Just when you think the toolset available to the web developer is going to sttle down for a while, a new technology emerges to create its own revolution. Despite the success of the iPod and the iPhone in radically changing the music and mobile phone sectors, the impact of the iPad was not widely predicted. It appeared to be a solution to nobody's problem and was dismissed by many as just an oversized iPhone.
Yet in just eighteen months, Apple sold 40 million iPads and websites observed a dramatic shift towards mobile devices. Despite the growth of Twitter during 2009, by June 2010 people still spent 50% longer on the web using desktop and laptop computers than on mobile devices but by April 2011 the figures were level. In the whole of 2011, as Apple's rival fought to catch up, smartphones and tablets outsold desktop and notebooks for the first time. So fast has been the change - and so unpredicted by many large technology companies - that there have been unforeseen casualties. Adobe's Flash platform was virtually universal on desktops and laptops so a developer could rely on it being available. But there is no Flash on the iPad and despite a valiant rearguard effort to save their technology, Adobe announced in November 2011 that they had killed mobile Flash. Desktop Flash is virtually dead too - who will use it now they know it won't work on the iPad? The potential survivor from the wreckage will be Flash Builder, if Adobe can plot a course for it.

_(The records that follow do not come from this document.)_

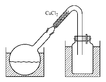 1. picture of the device for preparing cyanogen bromide. in a well-exhausted fume hood, place 500g bromine (160ml) in an il ground-mouth bottle cooled with ice-salt coolant. add 50 ml of water to cover the bromine. a solution of 170g nacn dissolved in 1200ml water was dripped in at a rate of 1 drop per second under vigorous stirring. the temperature of the reaction mixture was maintained below 20°c. local overproduction of cyanide (cn)x should be avoided. dilute the last 150 ml of nacn solution with water to 2 times the original volume, and continue to add the solution, shaking the flask vigorously after each addition. once a brown color appears that no longer disappears during shaking, the remaining nacn solution can be discarded (it takes about 5 hours to add nacn). place a thick glass tube bent into a v shape on a round-bottomed flask (as shown in the picture). the shorter arm is loaded with granular cacl2 and the cnbr is evaporated on a water bath. the product was collected in a wide-mouth bottle used as a receiver, and was in the form of snow-white crystals, 590 g, with a yield of 90% based on bromine.
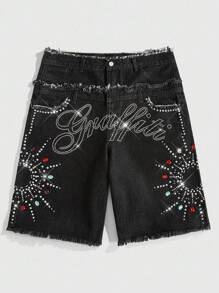 Street Life Men's Double-Layer Waist Sparkling Diamond Denim Shorts
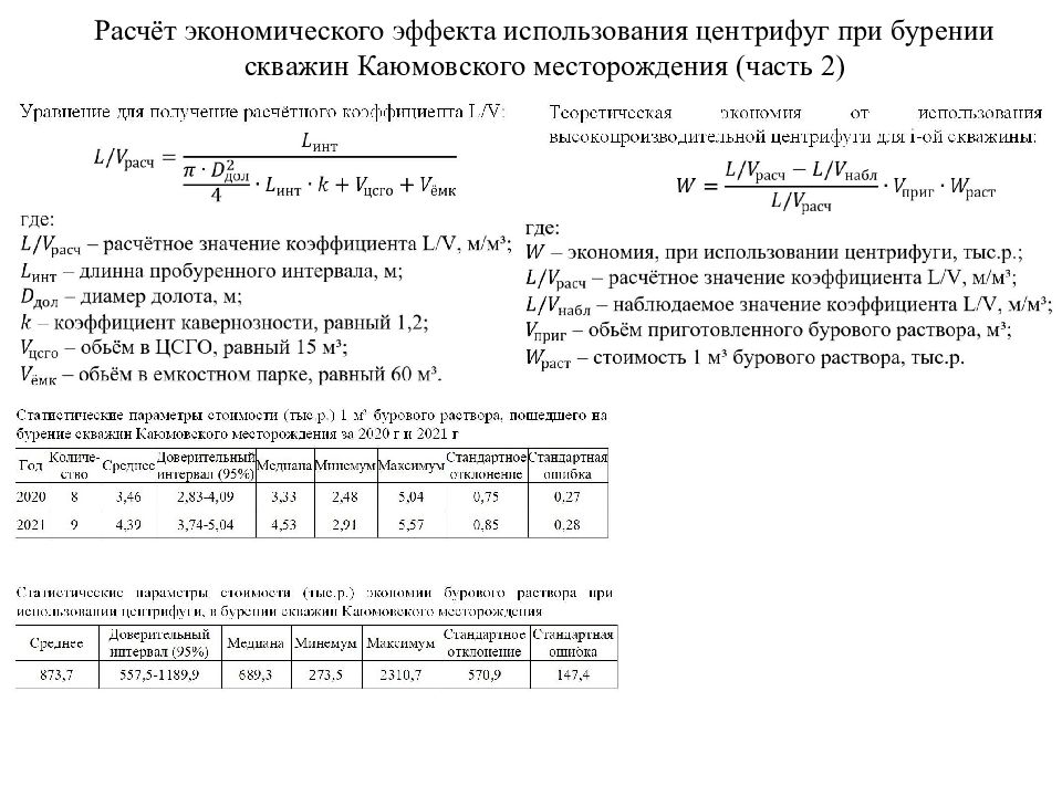 Расчёт экономического эффекта использования центрифуг при бурении скважин Каюмовского месторождения (часть 2)

So what now? At present, the answer is jQuery. For now, it is moving in the same direction as the overall move in technology towards HTML5 and - for now - its success is assured. ABC delivered its first jQuery-based modeller in 2012, specifically targetting the iPad. In 2013, an increasing focus has been responsive design, ensuring that all our websites work as effectively on mobile devices as they do on the desktop.